The gauges indicate Electro from the outset. Snapping snares pulse through bass and warbling synthlines.
It’s a strange thing. Sometimes, not all the time but some, I’ll attach a location to a piece I’ve written. I can remember certain pieces knocked together in canteens waiting for meetings, others on high speed trains, others on kitchen tables. I can still recall writing about Cultivated Electronics second record, a four tracker of various artists. I was living in Dublin, sat at some brash glass dining table in the sitting room. It was 2007 and Ireland was a land far from what it is now. Two cars. Two homes. Wads of cash and the flow of excess. Turn the clock forward six years and the small island nation is a very different place. I’ve left, and so has the money and work. The replacement is austerity and the tight belt. But, reports are getting better and attitudes are becoming more positive (maybe.) Cue the above record reference. One of the stand out artists of the Cultivated Electronics EP was Junq. For CE he delivered a tough acid edged Electro number. But since then the UK artist has been off radars, an vinyl austerity. Nevertheless, maybe this Londoner thinks that times are a-changing too.
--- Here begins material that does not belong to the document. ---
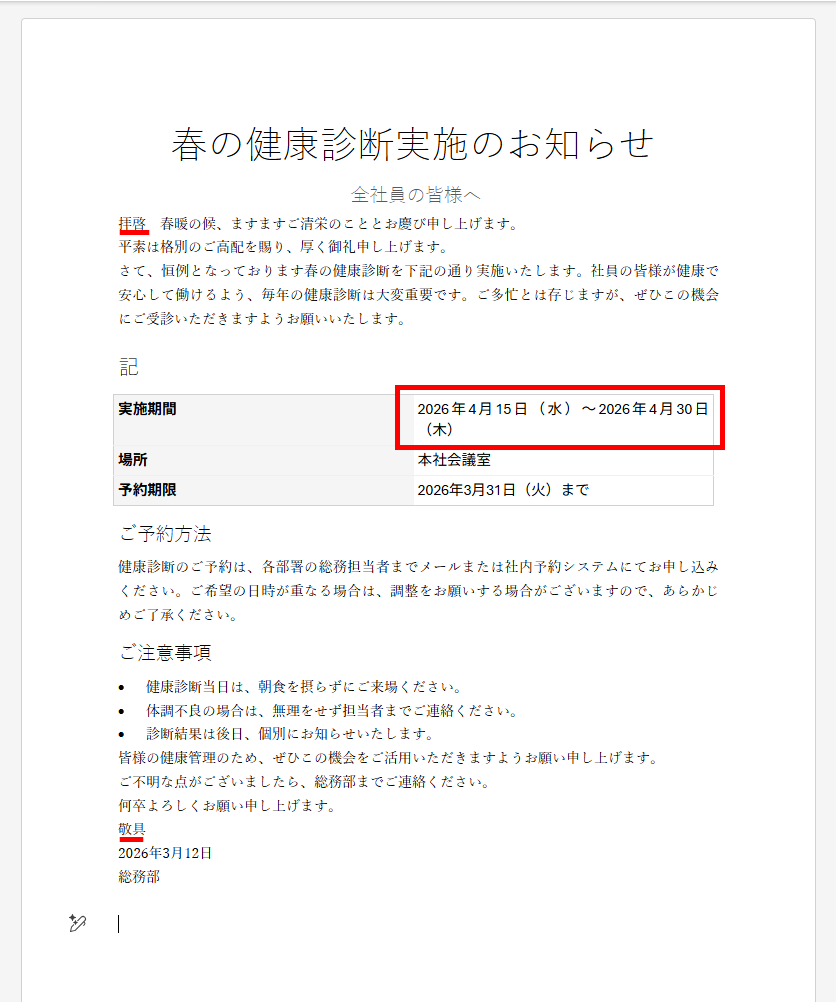 Copilot in Wordを実際に使って資料作成を行うと、Wordの画面を開いたまま直接AIに指示を出せるため、ブラウザとタブを行き来する手間が省けて非常に快適です。生成された文章はそのままドキュメント上に表示され、わずか10秒程度でレイアウトまで考慮されたたたき台が完成しました。 結果をコピー&ペーストして体裁を整える作業が不要になるため、作業スピードが格段に向上します。 ただし、AIが作成した文書が常に完璧というわけではありません。表内のテキストが不自然な位置で折り返されていたり、社内向けの文書であるにもかかわらず「拝啓・敬具」といった不適切な頭語・結語が使われたりするケースもあるため、最終的な人間の目による内容チェックや手直しは必須です。 それでも、無料版のMicrosoft Copilotではできないレイアウトの調整機能などを考慮すると、Microsoft 365アプリを頻繁に利用する方にとってアドオンを契約するメリットは絶大です。

He now soldiers forth with not just a new EP but a new label: Art Mechanical.
The gauges indicate Electro from the outset. Snapping snares pulse through bass and warbling synthlines. Late night sci-fi moods ghost across “Neutron Harmonics,” pulses reverberating into the ether. Acid begins to invade near the midway point, the track meandering around those solid beats for some seven minutes. That clipped whip of drum follows into “Nebular Structures.” 303 coils are bellowed skyward, rippling with contained aggression. Tough and brutal. The closer, “Cosmology,” begins in a starker fashion to its predecessors. Those orbs of Acid are again molded, bulging and receding, until shortened snares descend. The track looms, menacing before unveiling itself as a deep and transforming work of textured electronics.
It will be interesting to see what form Art Mechanical will take. Will Junq use it as his own releasing platform or expand with new artists? Vinyl is set to be the format, but digital will follow. I’ve reviewed a lot of new labels and the crucial time seems to be the early days. After one release some imprints dry up, some after four or five. Based on what Junq has set out with Art Mechanical Cog 001 I hope that this fledgling label has a lot more to say, and a lot more to release.
Art Mechanical Cog 001 is available on Art Mechanical.